== THE DATA ==
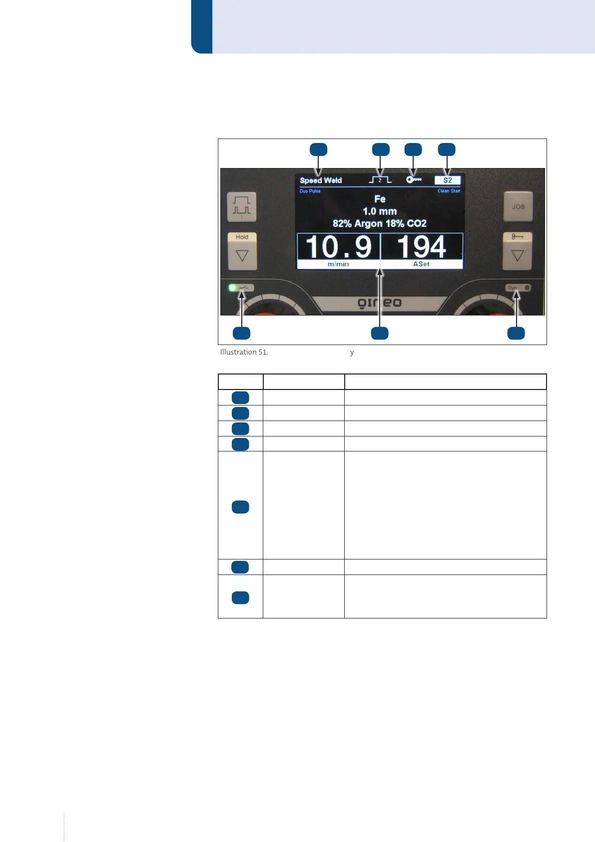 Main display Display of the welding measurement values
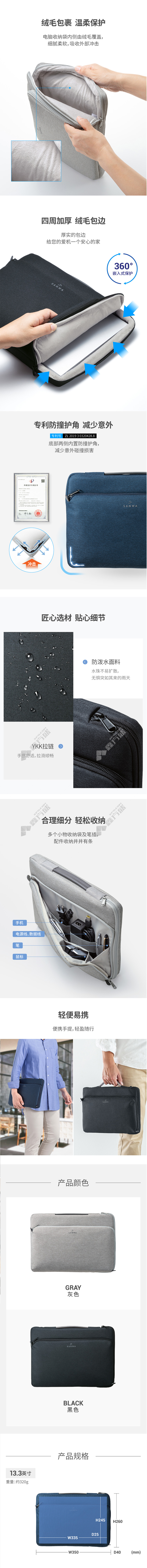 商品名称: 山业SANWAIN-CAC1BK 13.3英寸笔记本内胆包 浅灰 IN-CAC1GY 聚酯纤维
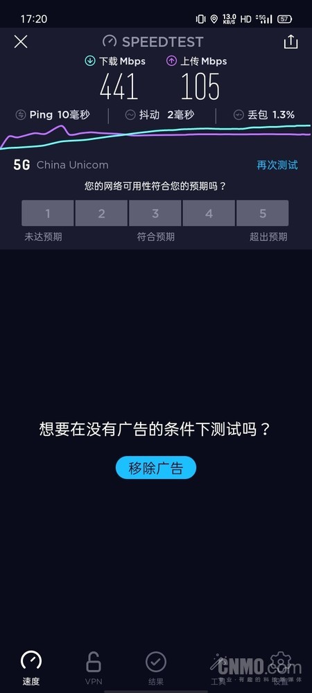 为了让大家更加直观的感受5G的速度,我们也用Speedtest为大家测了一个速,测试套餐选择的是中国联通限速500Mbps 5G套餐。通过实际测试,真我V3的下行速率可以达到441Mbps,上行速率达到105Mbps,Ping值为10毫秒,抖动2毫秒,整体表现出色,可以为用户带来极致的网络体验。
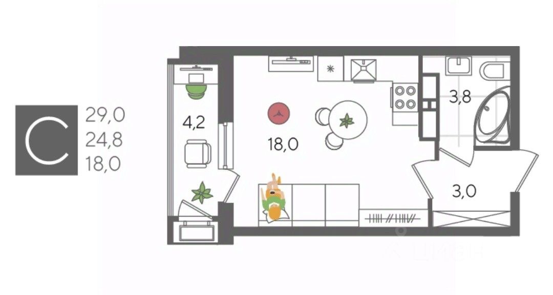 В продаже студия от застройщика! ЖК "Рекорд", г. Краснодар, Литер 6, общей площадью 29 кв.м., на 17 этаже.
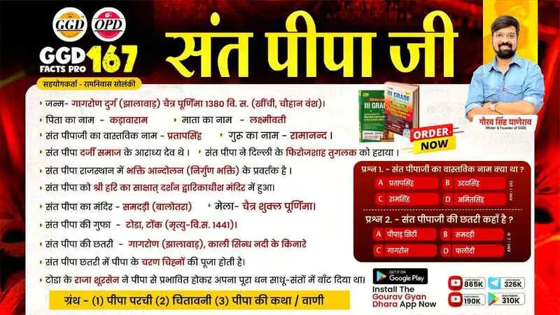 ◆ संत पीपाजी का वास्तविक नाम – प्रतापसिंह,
===
== THE DATA ==
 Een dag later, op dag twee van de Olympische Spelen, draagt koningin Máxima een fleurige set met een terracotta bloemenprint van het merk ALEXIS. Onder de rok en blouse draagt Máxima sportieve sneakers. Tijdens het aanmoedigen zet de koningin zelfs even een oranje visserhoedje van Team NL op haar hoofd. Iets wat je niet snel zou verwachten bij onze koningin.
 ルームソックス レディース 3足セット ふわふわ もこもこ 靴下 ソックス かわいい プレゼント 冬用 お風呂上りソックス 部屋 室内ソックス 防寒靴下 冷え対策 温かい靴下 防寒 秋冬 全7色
===
== THE DATA ==
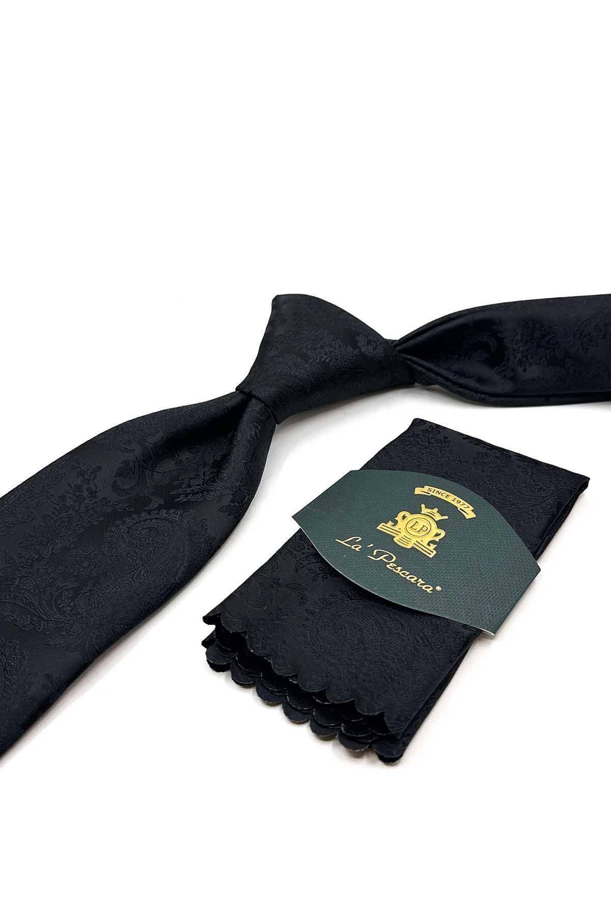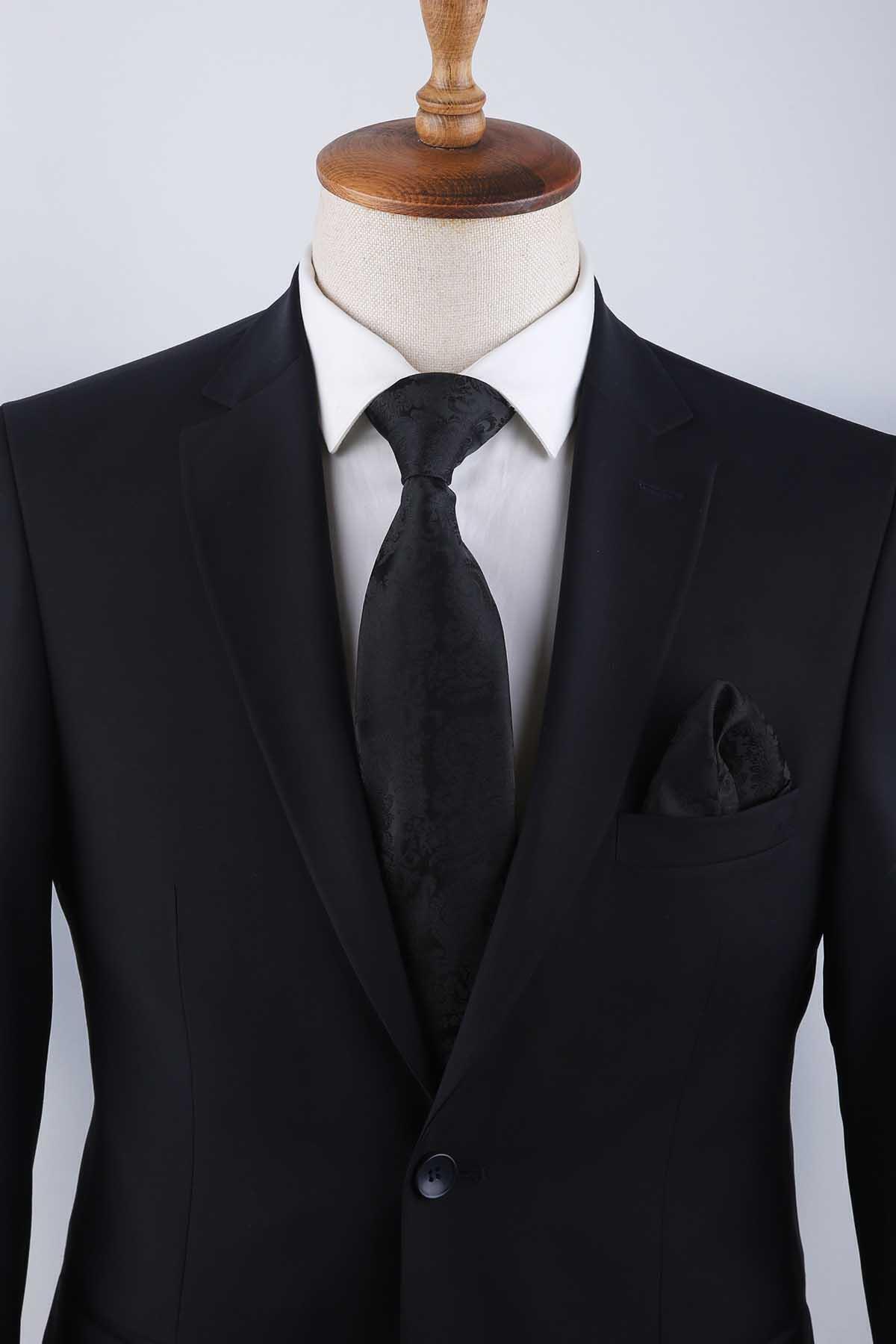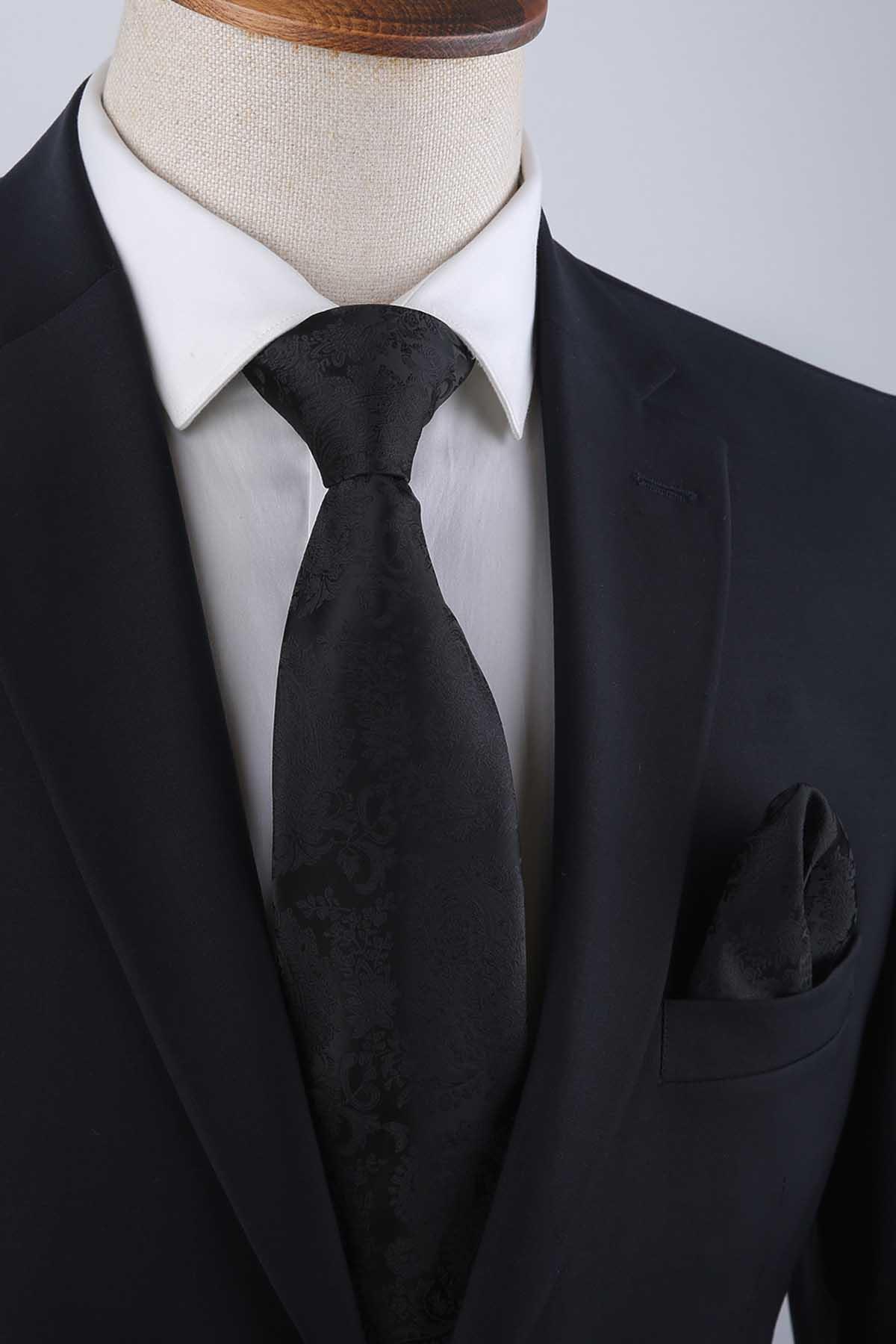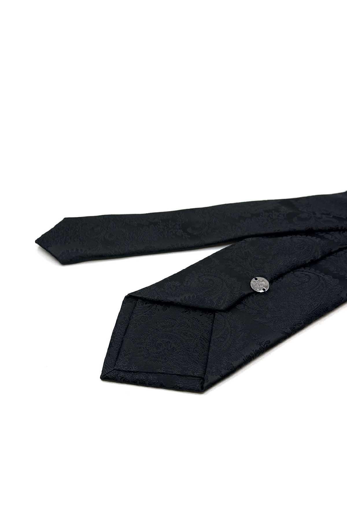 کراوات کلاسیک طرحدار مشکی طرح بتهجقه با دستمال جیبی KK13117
===
PROMPT:
Copy out the listing above from the line containing "Main display Display" to the line containing "संत पीपाजी का", both included, exactly as written and minus the images.

ANSWER TO THIS TASK:
 Main display Display of the welding measurement values
 商品名称: 山业SANWAIN-CAC1BK 13.3英寸笔记本内胆包 浅灰 IN-CAC1GY 聚酯纤维
 为了让大家更加直观的感受5G的速度,我们也用Speedtest为大家测了一个速,测试套餐选择的是中国联通限速500Mbps 5G套餐。通过实际测试,真我V3的下行速率可以达到441Mbps,上行速率达到105Mbps,Ping值为10毫秒,抖动2毫秒,整体表现出色,可以为用户带来极致的网络体验。
 В продаже студия от застройщика! ЖК "Рекорд", г. Краснодар, Литер 6, общей площадью 29 кв.м., на 17 этаже.
 ◆ संत पीपाजी का वास्तविक नाम – प्रतापसिंह,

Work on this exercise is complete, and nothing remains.